== TASK TO CARRY OUT ==
Please reproduce all entries word for word and omit their pictures.
▬▬▬
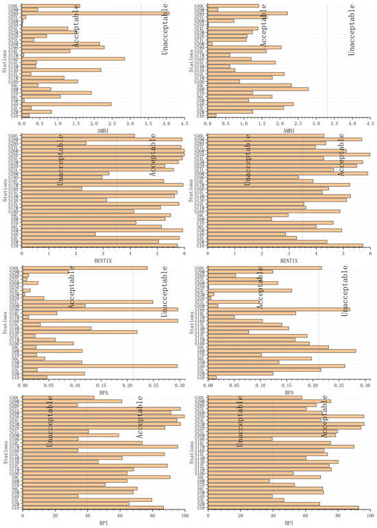 - Wu, H.-Y.; Fu, S.-F.; Hu, W.-J.; Chen, F.-G.; Cai, X.-Q.; Chen, Q.-H.; Wu, Y.-B. Response of Different Benthic Biotic Indices to Eutrophication and Sediment Heavy Metal Pollution, in Fujian Coastal Water, East China Sea. Chemosphere 2022, 307, 135653. [Google Scholar] [CrossRef] [PubMed]
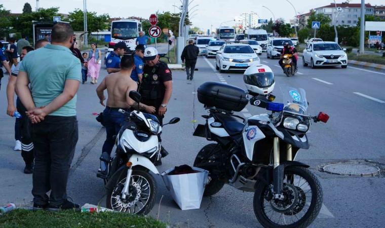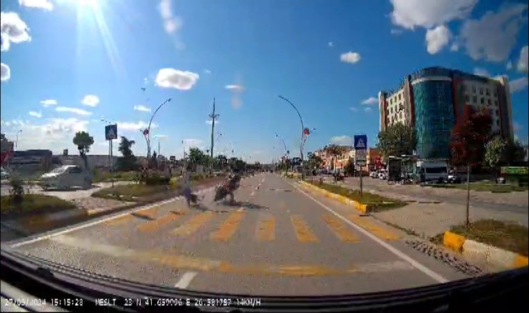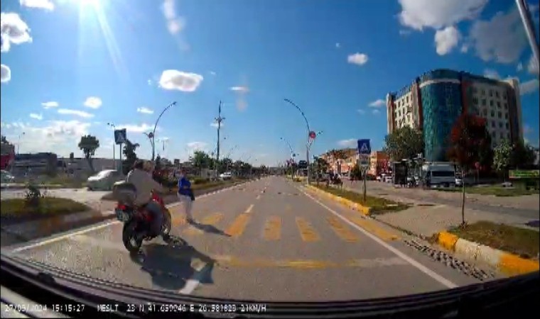 Edirne’de yaya geçidinden geçerken motosikletin çarptığı yaşlı kadının 18 metre sürüklenerek hayatını kaybettiği kaza araç kamerasına yansıdı.
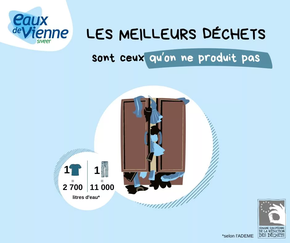 👉 Eaux de Vienne sera présent, le 19 novembre à Civray et le 26 novembre à Queaux pour les animations coordonnées par le SIMER autour de la Semaine européenne de réduction des déchets ! En savoir plus ici
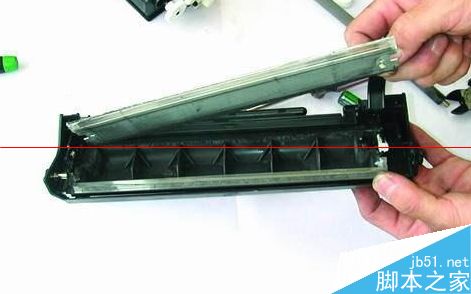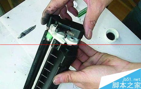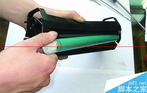 11、取出显影仓上的磁辊,然后用布擦去磁辊上的碳粉。
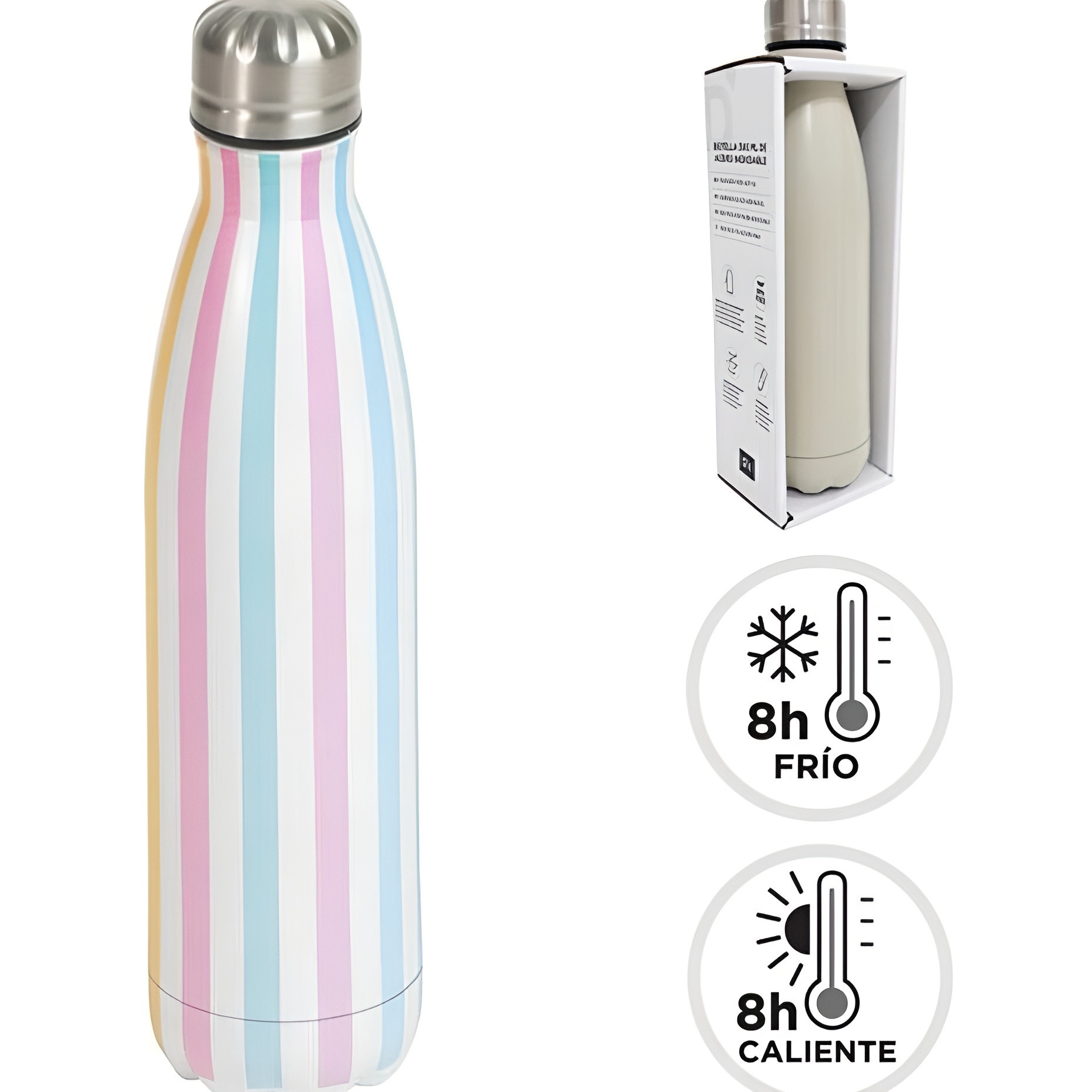 Botella térmica con un alegre diseño de rayas en tonos pastel que aporta color y estilo a tu día a día.
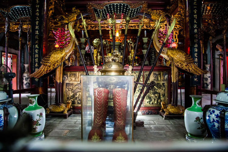 真武观位于河内市中心地区,紧邻着西湖的南岸,是一座融合了越南当地特色以及中国特色于一体的道观。 整座道观的外观虽然不是很起眼,隐秘在一片树林之间,然而内部却存放着大量的精致佛像,以及各式的雕刻工艺品。 个人认为它是河内众多道观之中,最为幽寂,最为精美的一座。
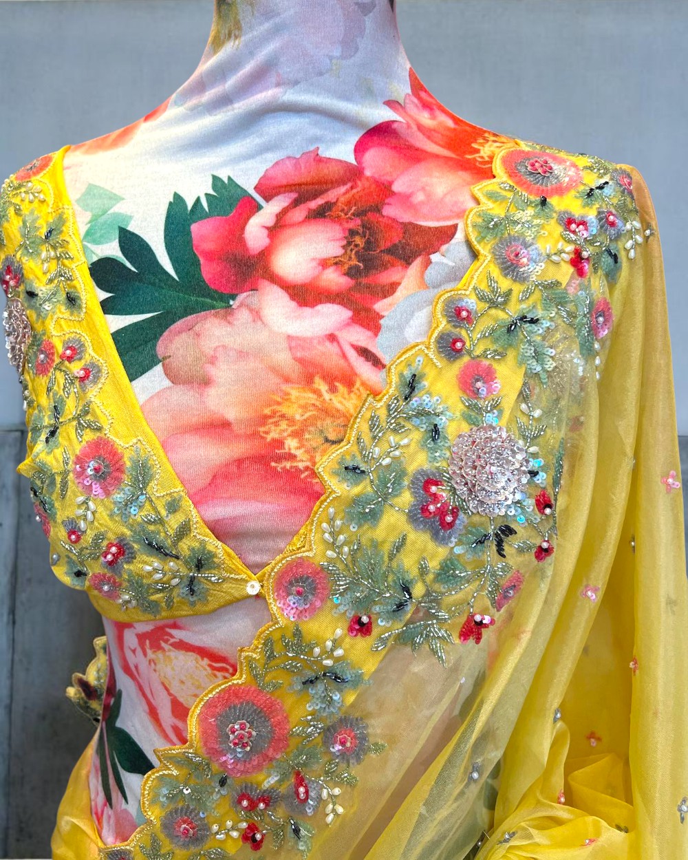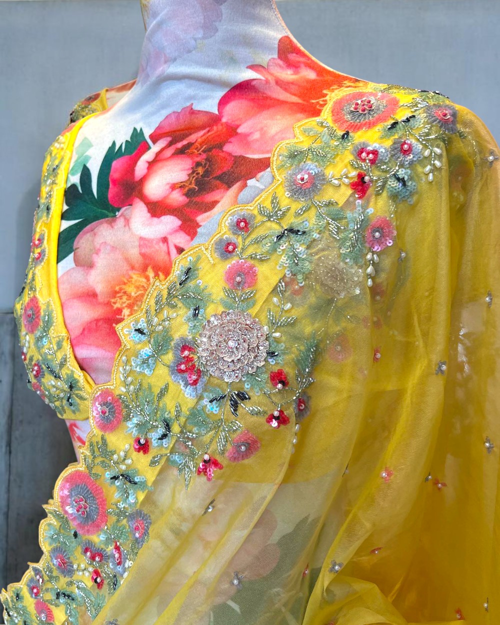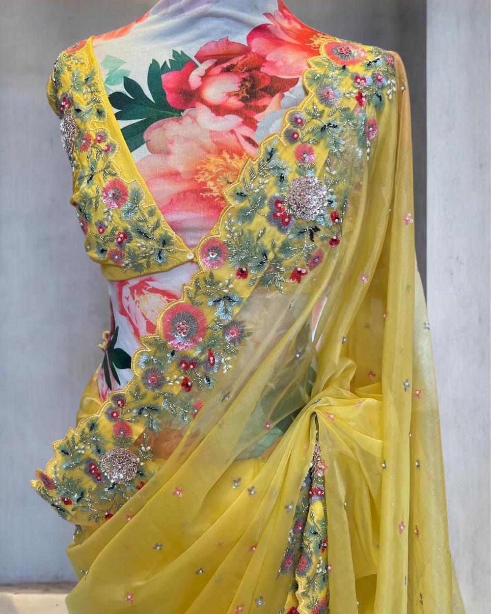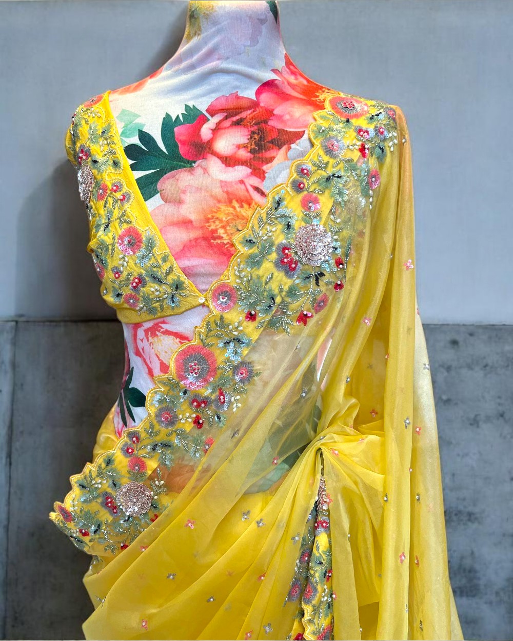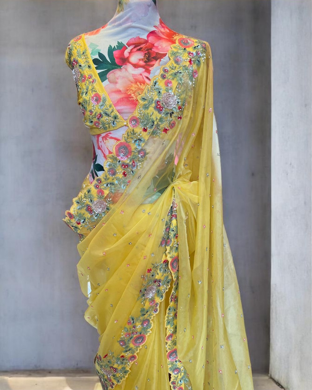 Yellow Organza Silk Designer Saree
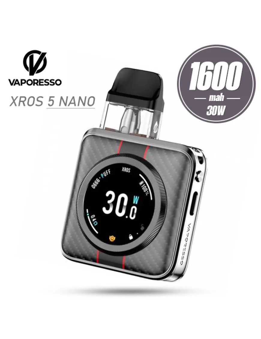 Vaporesso XROS 5 Nano Pod Kit 1600 мАч - компактная POD система, оснащенная мощным аккумулятором и цветной сенсорным экраном с разнообразными настройками. Корпус устройства выполнен из алюминиевого сплава в формате компактного квадрата с плавными скругленными углами. На лицевой стороне расположен большой круглый сенсорный дисплей с цветным интерфейсом. Экран выполнен в стиле современных смарт часов и обладает множеством функций, включая опцию смены тем оформления(доступно 29 вариантов), а также детальную статистику затяжек с возможностью устанавливать лимиты по использованию и получать напоминания о затяжках. Регулировка интенсивности затяжки реализована с помощью аккуратного ползунка на одной из боковин устройства. На другой боковине расположена кнопка активации и современный разъем USB Type-C. Питание Vaporesso XROS 5 Nano обеспечивается встроенным аккумулятором, емкостью 1600 мАч, быстрая зарядка производится при помощи разъема USB Type-C, током 2А. Активируется POD система по затяжке либо посредством нажатия универсальной кнопки, с помощью которой можно еще управлять девайсом и анимацией. Комплектуется Vaporesso XROS 5 Nano двумя картриджами XROS Series COREX 3.0 со встроенными сеточными испарителями на 0.4 и 0.8 Ом. Картриджи вмещают до 3 мл жидкости, оснащены защитой от протечек по фирменному стандарту SSS и модернизированной технологией COREX 3.0, которая обеспечивает более интенсивный вкус и увеличивает срок службы испарителя. Для заправки картриджа необходимо снять мундштук и в небольшое отверстие с обратным клапаном залить 3 мл жидкости. Так же можно использовать и другие картриджи серии XROS.
▬▬▬
== RESULT ==
 - Wu, H.-Y.; Fu, S.-F.; Hu, W.-J.; Chen, F.-G.; Cai, X.-Q.; Chen, Q.-H.; Wu, Y.-B. Response of Different Benthic Biotic Indices to Eutrophication and Sediment Heavy Metal Pollution, in Fujian Coastal Water, East China Sea. Chemosphere 2022, 307, 135653. [Google Scholar] [CrossRef] [PubMed]
 Edirne’de yaya geçidinden geçerken motosikletin çarptığı yaşlı kadının 18 metre sürüklenerek hayatını kaybettiği kaza araç kamerasına yansıdı.
 👉 Eaux de Vienne sera présent, le 19 novembre à Civray et le 26 novembre à Queaux pour les animations coordonnées par le SIMER autour de la Semaine européenne de réduction des déchets ! En savoir plus ici
 11、取出显影仓上的磁辊,然后用布擦去磁辊上的碳粉。
 Botella térmica con un alegre diseño de rayas en tonos pastel que aporta color y estilo a tu día a día.
 真武观位于河内市中心地区,紧邻着西湖的南岸,是一座融合了越南当地特色以及中国特色于一体的道观。 整座道观的外观虽然不是很起眼,隐秘在一片树林之间,然而内部却存放着大量的精致佛像,以及各式的雕刻工艺品。 个人认为它是河内众多道观之中,最为幽寂,最为精美的一座。
 Yellow Organza Silk Designer Saree
 Vaporesso XROS 5 Nano Pod Kit 1600 мАч - компактная POD система, оснащенная мощным аккумулятором и цветной сенсорным экраном с разнообразными настройками. Корпус устройства выполнен из алюминиевого сплава в формате компактного квадрата с плавными скругленными углами. На лицевой стороне расположен большой круглый сенсорный дисплей с цветным интерфейсом. Экран выполнен в стиле современных смарт часов и обладает множеством функций, включая опцию смены тем оформления(доступно 29 вариантов), а также детальную статистику затяжек с возможностью устанавливать лимиты по использованию и получать напоминания о затяжках. Регулировка интенсивности затяжки реализована с помощью аккуратного ползунка на одной из боковин устройства. На другой боковине расположена кнопка активации и современный разъем USB Type-C. Питание Vaporesso XROS 5 Nano обеспечивается встроенным аккумулятором, емкостью 1600 мАч, быстрая зарядка производится при помощи разъема USB Type-C, током 2А. Активируется POD система по затяжке либо посредством нажатия универсальной кнопки, с помощью которой можно еще управлять девайсом и анимацией. Комплектуется Vaporesso XROS 5 Nano двумя картриджами XROS Series COREX 3.0 со встроенными сеточными испарителями на 0.4 и 0.8 Ом. Картриджи вмещают до 3 мл жидкости, оснащены защитой от протечек по фирменному стандарту SSS и модернизированной технологией COREX 3.0, которая обеспечивает более интенсивный вкус и увеличивает срок службы испарителя. Для заправки картриджа необходимо снять мундштук и в небольшое отверстие с обратным клапаном залить 3 мл жидкости. Так же можно использовать и другие картриджи серии XROS.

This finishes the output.